▶ Exercise requirements
In the records below, find the line containing "那覇港から小さな船で、沖に停" and the line containing "Drewniany gołębnik na". Give again exactly those lines and every line between them, omitting the pictures.

▶ Data in this exercise
┄┄┄┄┄┄
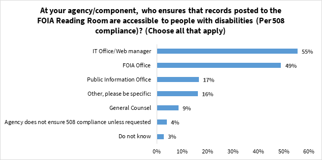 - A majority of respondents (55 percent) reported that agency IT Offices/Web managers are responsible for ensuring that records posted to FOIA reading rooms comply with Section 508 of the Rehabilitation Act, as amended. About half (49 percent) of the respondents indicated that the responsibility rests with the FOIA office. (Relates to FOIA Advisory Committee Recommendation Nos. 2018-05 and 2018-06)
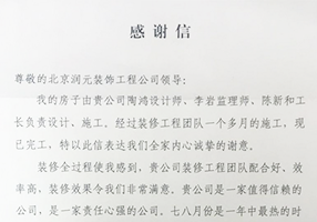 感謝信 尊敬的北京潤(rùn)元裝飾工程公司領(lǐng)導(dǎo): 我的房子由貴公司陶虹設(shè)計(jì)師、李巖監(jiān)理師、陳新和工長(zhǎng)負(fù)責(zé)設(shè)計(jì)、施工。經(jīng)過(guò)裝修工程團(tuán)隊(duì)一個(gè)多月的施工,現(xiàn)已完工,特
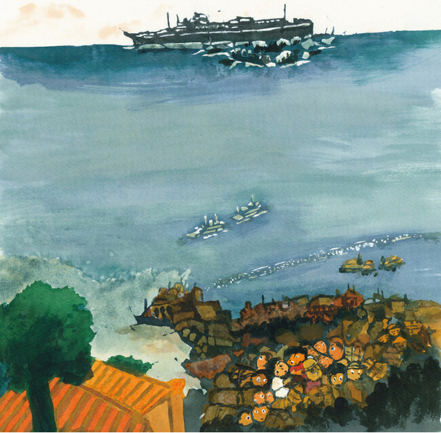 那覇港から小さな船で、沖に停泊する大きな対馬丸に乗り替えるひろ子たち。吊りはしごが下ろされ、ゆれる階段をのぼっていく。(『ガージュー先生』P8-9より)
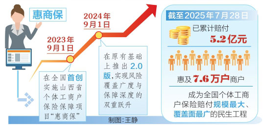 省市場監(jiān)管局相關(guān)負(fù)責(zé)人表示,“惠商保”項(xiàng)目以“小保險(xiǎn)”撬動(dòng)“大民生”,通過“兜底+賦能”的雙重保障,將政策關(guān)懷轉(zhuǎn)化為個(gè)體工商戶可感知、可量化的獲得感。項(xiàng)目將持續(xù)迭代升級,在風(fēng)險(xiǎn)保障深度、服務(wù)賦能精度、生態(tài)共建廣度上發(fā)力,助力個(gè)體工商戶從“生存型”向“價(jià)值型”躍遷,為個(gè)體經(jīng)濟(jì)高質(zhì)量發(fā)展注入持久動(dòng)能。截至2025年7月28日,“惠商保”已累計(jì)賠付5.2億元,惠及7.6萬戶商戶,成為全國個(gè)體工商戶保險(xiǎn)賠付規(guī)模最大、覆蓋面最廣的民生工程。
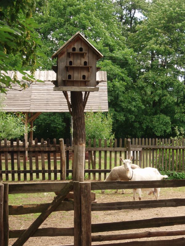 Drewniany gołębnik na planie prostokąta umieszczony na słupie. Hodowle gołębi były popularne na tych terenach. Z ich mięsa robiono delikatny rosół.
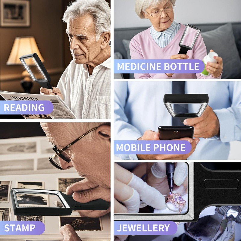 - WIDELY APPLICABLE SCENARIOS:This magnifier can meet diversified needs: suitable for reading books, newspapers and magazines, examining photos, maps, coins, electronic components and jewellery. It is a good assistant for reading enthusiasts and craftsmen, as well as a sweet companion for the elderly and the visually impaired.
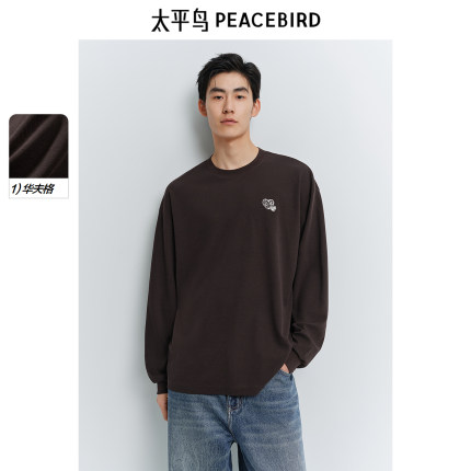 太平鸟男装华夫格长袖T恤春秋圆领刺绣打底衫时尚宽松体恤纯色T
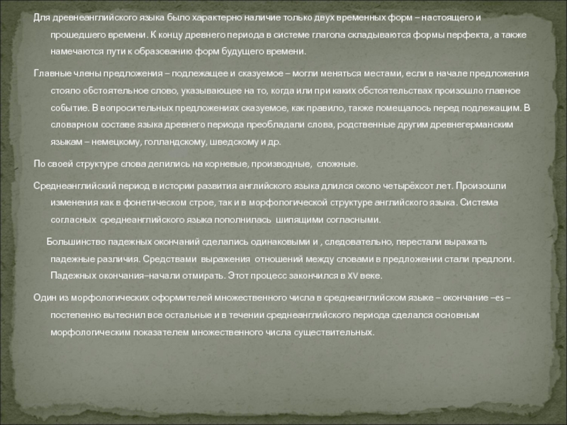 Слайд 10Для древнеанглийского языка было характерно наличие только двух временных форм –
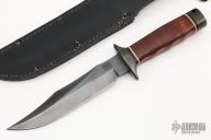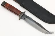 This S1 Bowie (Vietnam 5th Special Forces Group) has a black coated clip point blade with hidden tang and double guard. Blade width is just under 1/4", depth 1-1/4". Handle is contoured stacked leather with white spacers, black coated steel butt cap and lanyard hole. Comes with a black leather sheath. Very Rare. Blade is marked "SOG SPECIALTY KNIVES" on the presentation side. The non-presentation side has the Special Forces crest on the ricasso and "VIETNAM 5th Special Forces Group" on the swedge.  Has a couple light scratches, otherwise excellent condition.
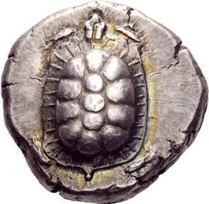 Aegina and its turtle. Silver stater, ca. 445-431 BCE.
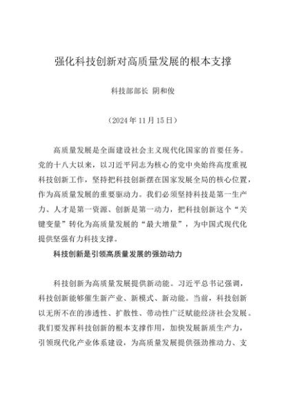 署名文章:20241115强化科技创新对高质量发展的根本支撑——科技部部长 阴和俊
┄┄┄┄┄┄
▶ Exercise answer
 那覇港から小さな船で、沖に停泊する大きな対馬丸に乗り替えるひろ子たち。吊りはしごが下ろされ、ゆれる階段をのぼっていく。(『ガージュー先生』P8-9より)
 省市場監(jiān)管局相關(guān)負(fù)責(zé)人表示,“惠商保”項(xiàng)目以“小保險(xiǎn)”撬動(dòng)“大民生”,通過“兜底+賦能”的雙重保障,將政策關(guān)懷轉(zhuǎn)化為個(gè)體工商戶可感知、可量化的獲得感。項(xiàng)目將持續(xù)迭代升級,在風(fēng)險(xiǎn)保障深度、服務(wù)賦能精度、生態(tài)共建廣度上發(fā)力,助力個(gè)體工商戶從“生存型”向“價(jià)值型”躍遷,為個(gè)體經(jīng)濟(jì)高質(zhì)量發(fā)展注入持久動(dòng)能。截至2025年7月28日,“惠商保”已累計(jì)賠付5.2億元,惠及7.6萬戶商戶,成為全國個(gè)體工商戶保險(xiǎn)賠付規(guī)模最大、覆蓋面最廣的民生工程。
 Drewniany gołębnik na planie prostokąta umieszczony na słupie. Hodowle gołębi były popularne na tych terenach. Z ich mięsa robiono delikatny rosół.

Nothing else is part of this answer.